Give the whole listing below once more, exactly, without pictures.

> [INFORMATION SUPPLIED]
■ ■ ■ ■ ■ ■ ■

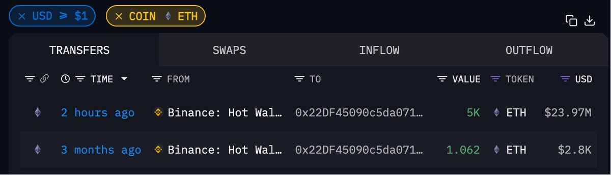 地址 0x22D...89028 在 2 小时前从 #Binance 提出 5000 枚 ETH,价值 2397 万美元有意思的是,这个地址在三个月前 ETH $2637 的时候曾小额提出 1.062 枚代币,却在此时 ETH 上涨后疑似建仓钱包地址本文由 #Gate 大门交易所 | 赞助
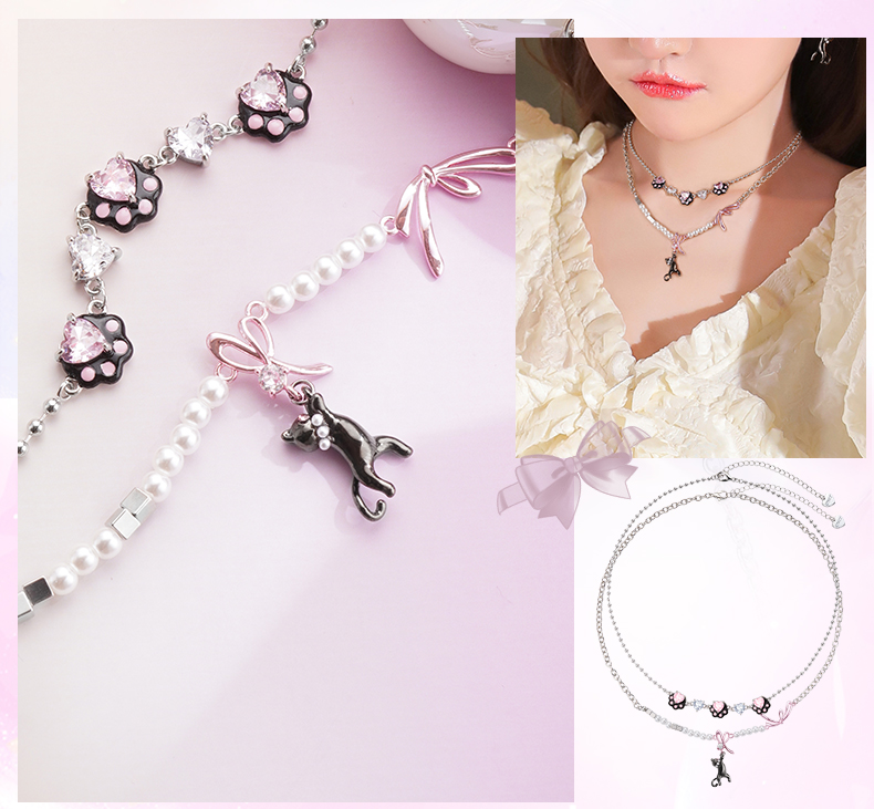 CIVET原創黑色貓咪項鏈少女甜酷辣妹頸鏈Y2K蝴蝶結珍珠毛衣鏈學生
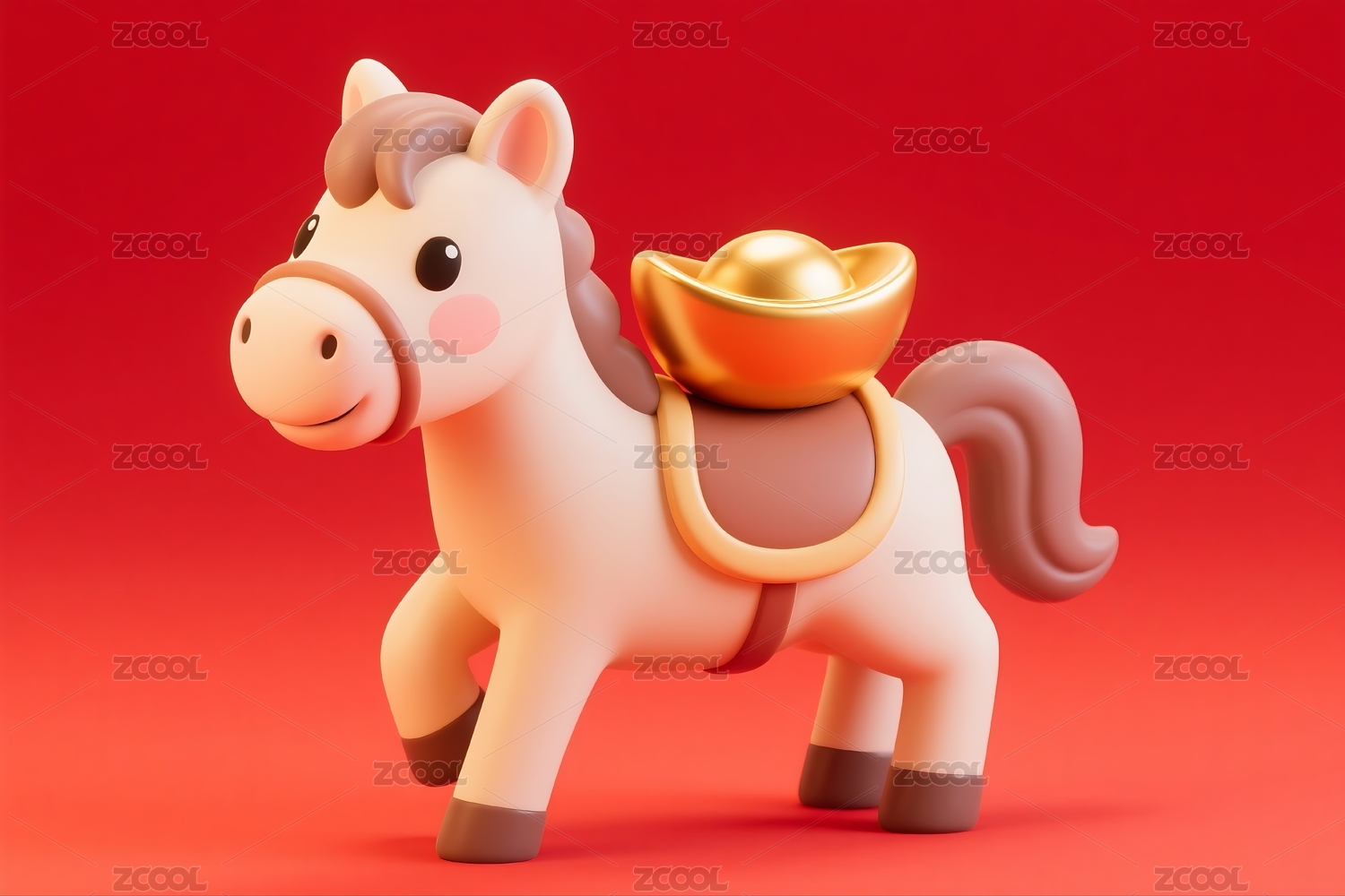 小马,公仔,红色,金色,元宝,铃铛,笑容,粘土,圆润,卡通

■ ■ ■ ■ ■ ■ ■

> [THE COMPLETED TASK]
 地址 0x22D...89028 在 2 小时前从 #Binance 提出 5000 枚 ETH,价值 2397 万美元有意思的是,这个地址在三个月前 ETH $2637 的时候曾小额提出 1.062 枚代币,却在此时 ETH 上涨后疑似建仓钱包地址本文由 #Gate 大门交易所 | 赞助
 CIVET原創黑色貓咪項鏈少女甜酷辣妹頸鏈Y2K蝴蝶結珍珠毛衣鏈學生
 小马,公仔,红色,金色,元宝,铃铛,笑容,粘土,圆润,卡通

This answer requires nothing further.